Rabbi Elazar said, One should offer in correlation to the sin. The rich man whose heart is proud at times should offer a bullock, for his heart is more bent on sinning before his Master. An average man should bring of the flock, because his spirit is not proud enough to sin. The poor man, whose heart is not proud and whose spirit is humbler than them all, brings the slightest offering. All of their offerings are acknowledged individually, and G‑d judges each one with balanced scales
The poor man's offering is the lightest, because his heart is broken.
Come and see: The poor man's offering is the lightest, because his heart is broken. Even if he meditates on sinning, the sin passes from him because his sorrow and the sorrow of his household suffice. Therefore, each and every offering are all individually known to the priest.

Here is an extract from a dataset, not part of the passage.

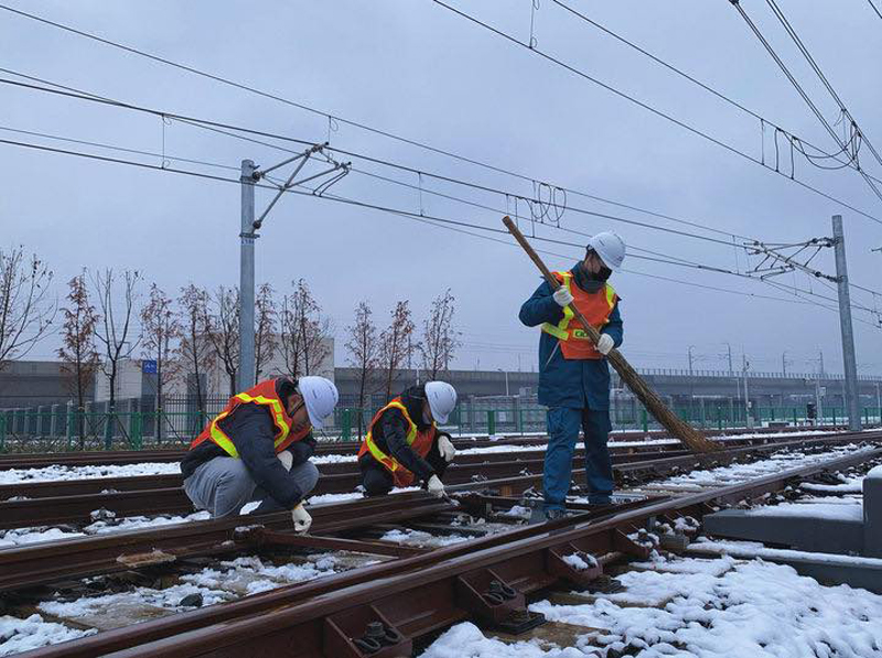 春運期間,杭海城際鐵路掃雪除冰應急隊正在進行除雪作業。浙江軌道集團供圖
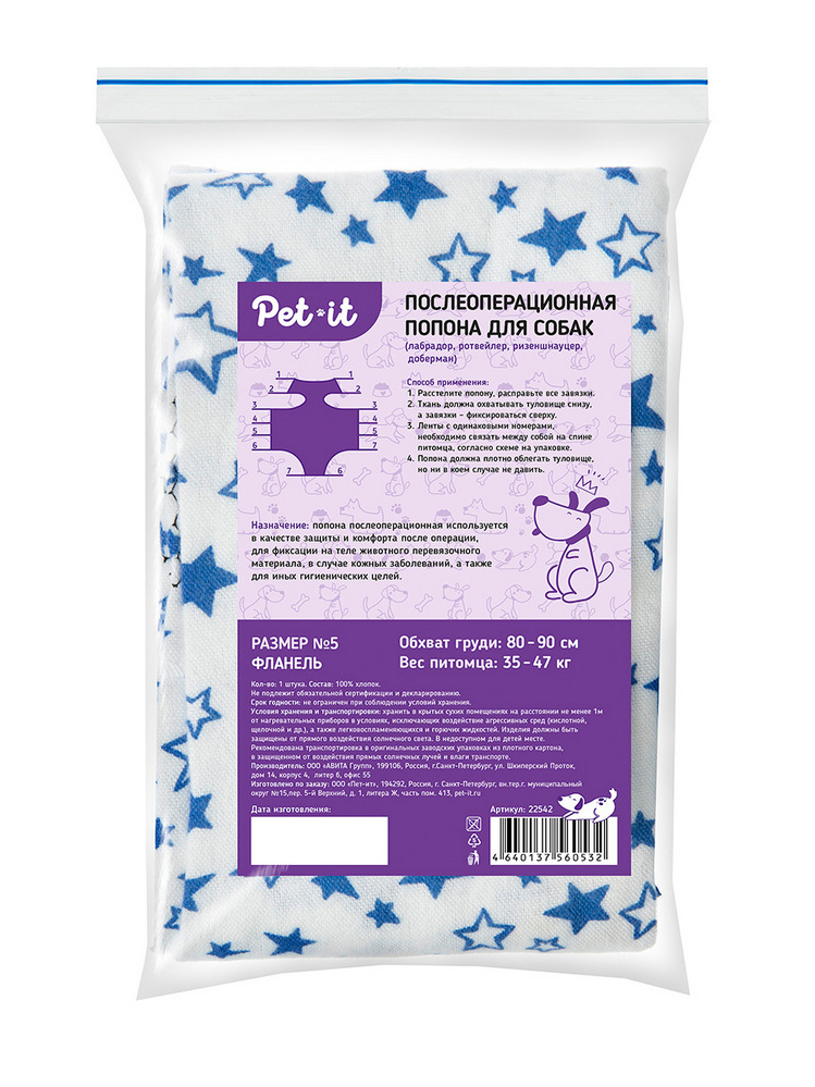 Послеоперационная попона для собак Pet-it №5 (80-90см,35-47кг) фланель 22542

There is a story of a certain rich man who brought two pigeons before the priest. When the priest saw him, he said to him: This offering is not for you. The man went home sad. His brothers said to him: Why are you sad? He said to them: The priest did not sacrifice my offering. They said to him: What was it? He said to them: Two pigeons. They said, But this is for the poor, not for you, as it is written, "If he be poor, and his means do not suffice" (Lev. 14:21). But you should bring your own offering. He said to them: What is it? They said to him: A bullock.

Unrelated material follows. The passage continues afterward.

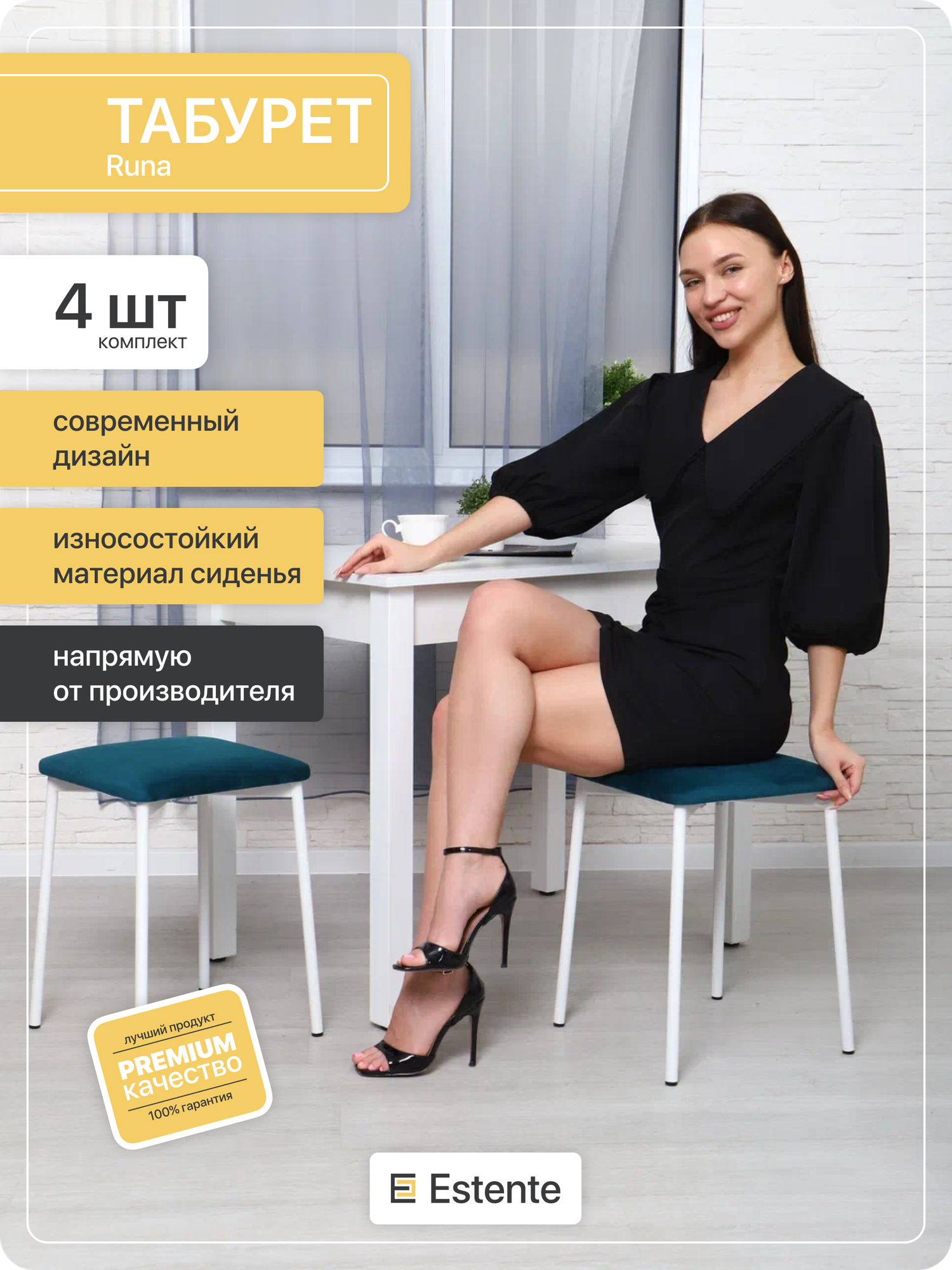 СохранитьТабурет с мягки сиденьем, ESTEnte, Runa, белый, Изумруд, 4 штуки, 35х35х45 интересное:
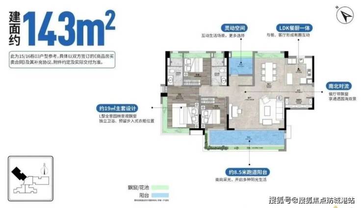 143平四房两卫,南北对流,约8.5米长阳台,西南西望园林,北向看海,主卧270度全景飘窗。

Come and see: The poor man's offering is of great worth before G‑d, as he brings before Him two offerings: the one is his fat and blood and the other is the sacrifice he is offering. Though he has no food for himself, he still brings an offering. The offering of the poor is the lightest, two young turtledoves or two young pigeons, or he may even bring a little flour and he is forgiven. At that time, a proclamation resounds, saying, "For He has not despised nor abhorred the affliction of the poor." Wherefore is that? Because the offering of the poor man is the worthiest of all. For they caused me to be in the portion of G‑d, in the portion of the Torah. I therefore gave all my possessions to the poor, for they brought this on me.

As the poor man boils his fat and blood, so is the flour he brought fried with precious oil. From this we learned that everyone offers a meal offering in a pan or a deep pan offering. Just as the sin heats his fat and blood with the fire of the Evil Inclination and all his body parts are heated in the fire, so does this offering burn in the very same manner, for the essence of the offering is like sin. It behooves one to offer before G‑d the desire of his heart, spirit and soul, for He prefers it to anything else.

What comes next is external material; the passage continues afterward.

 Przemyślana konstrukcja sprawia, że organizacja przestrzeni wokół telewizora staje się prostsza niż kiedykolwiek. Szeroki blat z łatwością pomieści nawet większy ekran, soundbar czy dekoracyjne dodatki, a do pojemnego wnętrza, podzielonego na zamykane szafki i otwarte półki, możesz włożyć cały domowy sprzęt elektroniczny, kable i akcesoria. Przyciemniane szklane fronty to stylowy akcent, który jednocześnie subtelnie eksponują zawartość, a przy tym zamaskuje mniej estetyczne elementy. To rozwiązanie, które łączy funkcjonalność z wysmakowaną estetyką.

Happy is the portion of the righteous, who bring this offering daily before G‑d. What is it? They bring before Him themselves and their souls. I wish to bring this offering, for this is what G‑d asks of man in this world. A real offering is better, for it is that all the worlds are blessed

BeRahamim LeHayyim:
The original sliding scale, as noted by the Zohar. Here we learn about realities of the rich man, the average man, and the poor man. Are these realities true? What is true perhaps is the famous saying “G‑d does not burden a person with something he cannot bear," meaning that G‑d only tests us in ways that we can succeed. As he tested Abraham 10 times, as well as many other personages in the Jewish Bible. The question arises, what can we do to make amends when we miss the mark? What does a bullock mean? A flock offering? A bird? Or the measly meal offering? Perhaps sometimes we screw up so badly that we need to give up something of real import. Imagine what a bullock meant in the old days. Very expensive. Could feed a family for a long time. If we are going to learn anything from this verse it is that we need to be sensitive to what it takes to make things right. Sometimes it can be a simple sincere "I'm messed up. I am sorry." Other times we may need to eat some serious crow. A meaningful life means doing teshuvah the day before you die. Every day, every moment.

OK, now that we know this, whatcha gonna do?!